A word-for-word copy of the entries, with the images left out, is what you should write.

(Stored items from a collection)

<<<<

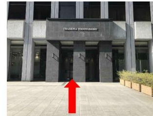
6. 写真がガーデンシティ大阪淀屋橋 の正面玄関になります

大阪メトロ御堂筋線 淀屋橋駅 8番 徒歩5分、堺筋線 北浜駅 2番出口 徒歩5分 京阪本線 淀屋橋駅 19番出口 徒歩5分
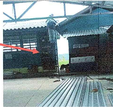
Foto No. 10, Módulo No. 2. Mantenimiento a estructura de puerta (lijado, cambio de tubo) Cepillado, sujeción, aplicación de pintura
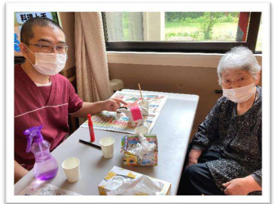
素晴らしい馬が作れました！

通所リハビリテーション「だんらん」では6月27日（日）に、「競馬をやってみる！」というイベントを行わせて頂きました。馬は紙粘土を使用しご利用者様お一人お一人が作成。その馬を使って競馬スゴロクを実施しました。止まったマスには、「早口言葉を言う」「足踏みをする」など、様々な仕掛けが施されており、会場には元気な声が飛び交っていました。優勝者には盾が贈呈されました。次回イベントもお楽しみに！
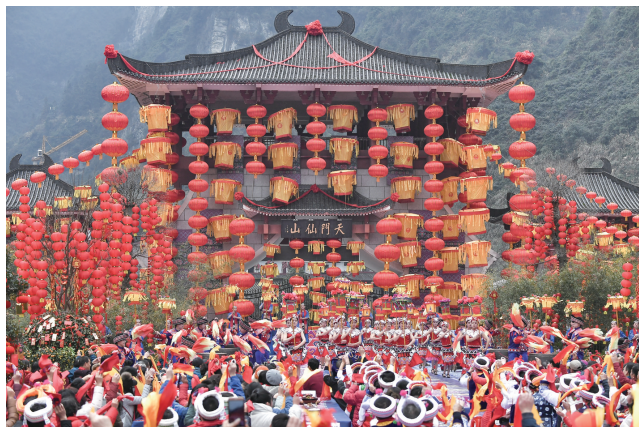
东西南北贺新春活动现场。

润心无声逐梦行，万紫千红满园春。新思想引领新时代，新征程澎湃新力量。立足新起点，永定区将在党的十九大精神和习近平新时代中国特色社会主义思想指引下，积极探索宣传、旅游和文化联姻的新路径，以国际化的视野，在新时代，有新作为，谱写新的壮丽篇章，为永定区实施 旅游带动 绿色崛起 发展战略，助推经济社会全面协调发展作出新的更大贡献。
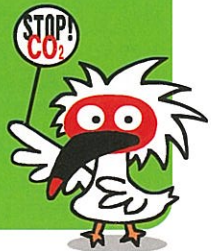
新潟市地球温暖化防止 イメージキャラクター「とめどきくん」 Character design : Ga2Ga4

マイボトルの利用や家庭での省エネ チェックで地産地消品などの景品が 当たる抽選に応募できます。 楽しくエコなライフスタイルを!
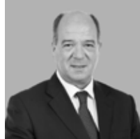
Carlos Carreiras Presidente da Câmara Municipal de Cascais
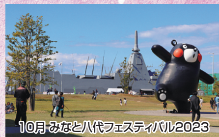
10月 みなと八代フェスティバル2023
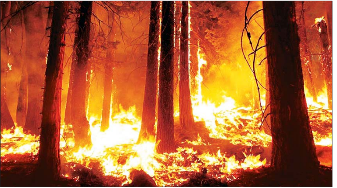
ရုရှားနိုင်ငံတွင်ဖြစ်ပွားသည့် တောမီးလောင်မှုတစ်ခုကို တွေ့ရစဉ်။
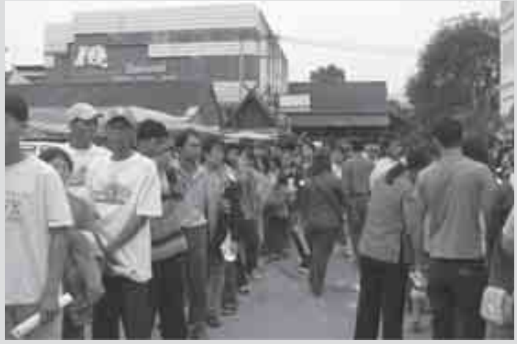
ရှိုင်းဂခမ်းခမ်းမိုင်း ကခမ်းဂု၊တခင်းပုရှိုတ်းဂခမ်း တီးဂိမ်းမံ၊
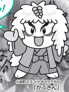
小坂町マスコットキャラクター 「かぶきん」
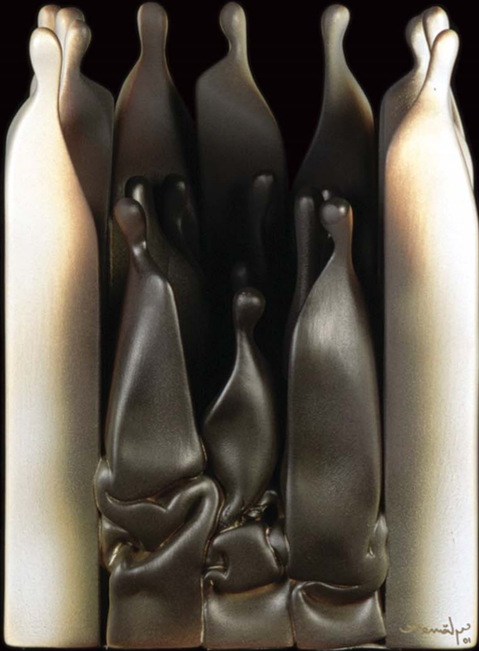
İnsan Yapıları , 2001, h: 30cm., Stoneware - 1200° C.
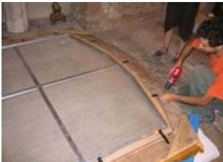
Assemblage du cadre et du tableau. Admirer la consolidation de la toile et du cadre.
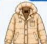
เสื้อโค้ทกันหนาว ตัวหนา
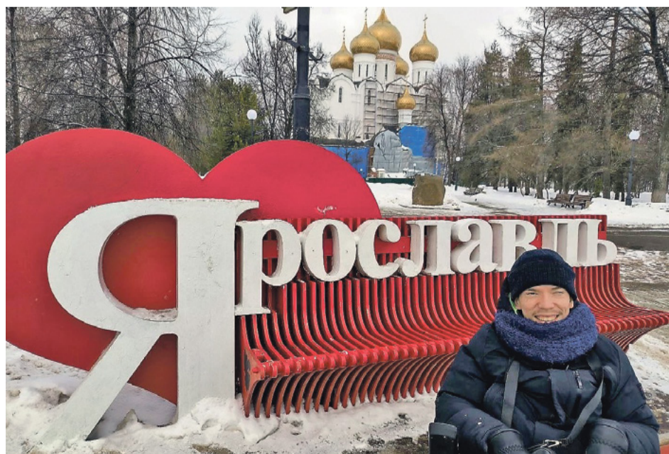
Поездка в Ярославль

– Можно было ограничиться теорией, – говорит он. – Но я выбрал Куликово
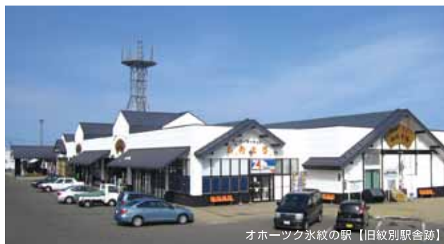
オホーツク氷紋の駅【旧紋別駅舎跡】

頭に乗っているのは大好物のホタテだもん。気分によってイクラやカニの爪、鮭なんかも乗せるんだ! あざらしだから寒さには強いけど、お腹だけは冷えないように腹巻が欠かせないんだもん。自慢の半被は流氷をイメージしたデザインなんだよ! お祭が大好きで、祭があればどこへでもかけつけて盛り上げるもん!

>>>>

- [Exercise response]
6. 写真がガーデンシティ大阪淀屋橋 の正面玄関になります

大阪メトロ御堂筋線 淀屋橋駅 8番 徒歩5分、堺筋線 北浜駅 2番出口 徒歩5分 京阪本線 淀屋橋駅 19番出口 徒歩5分
Foto No. 10, Módulo No. 2. Mantenimiento a estructura de puerta (lijado, cambio de tubo) Cepillado, sujeción, aplicación de pintura
素晴らしい馬が作れました！

通所リハビリテーション「だんらん」では6月27日（日）に、「競馬をやってみる！」というイベントを行わせて頂きました。馬は紙粘土を使用しご利用者様お一人お一人が作成。その馬を使って競馬スゴロクを実施しました。止まったマスには、「早口言葉を言う」「足踏みをする」など、様々な仕掛けが施されており、会場には元気な声が飛び交っていました。優勝者には盾が贈呈されました。次回イベントもお楽しみに！
东西南北贺新春活动现场。

润心无声逐梦行，万紫千红满园春。新思想引领新时代，新征程澎湃新力量。立足新起点，永定区将在党的十九大精神和习近平新时代中国特色社会主义思想指引下，积极探索宣传、旅游和文化联姻的新路径，以国际化的视野，在新时代，有新作为，谱写新的壮丽篇章，为永定区实施 旅游带动 绿色崛起 发展战略，助推经济社会全面协调发展作出新的更大贡献。
新潟市地球温暖化防止 イメージキャラクター「とめどきくん」 Character design : Ga2Ga4

マイボトルの利用や家庭での省エネ チェックで地産地消品などの景品が 当たる抽選に応募できます。 楽しくエコなライフスタイルを!
Carlos Carreiras Presidente da Câmara Municipal de Cascais
10月 みなと八代フェスティバル2023
ရုရှားနိုင်ငံတွင်ဖြစ်ပွားသည့် တောမီးလောင်မှုတစ်ခုကို တွေ့ရစဉ်။
ရှိုင်းဂခမ်းခမ်းမိုင်း ကခမ်းဂု၊တခင်းပုရှိုတ်းဂခမ်း တီးဂိမ်းမံ၊
小坂町マスコットキャラクター 「かぶきん」
İnsan Yapıları , 2001, h: 30cm., Stoneware - 1200° C.
Assemblage du cadre et du tableau. Admirer la consolidation de la toile et du cadre.
เสื้อโค้ทกันหนาว ตัวหนา
Поездка в Ярославль

– Можно было ограничиться теорией, – говорит он. – Но я выбрал Куликово
オホーツク氷紋の駅【旧紋別駅舎跡】

頭に乗っているのは大好物のホタテだもん。気分によってイクラやカニの爪、鮭なんかも乗せるんだ! あざらしだから寒さには強いけど、お腹だけは冷えないように腹巻が欠かせないんだもん。自慢の半被は流氷をイメージしたデザインなんだよ! お祭が大好きで、祭があればどこへでもかけつけて盛り上げるもん!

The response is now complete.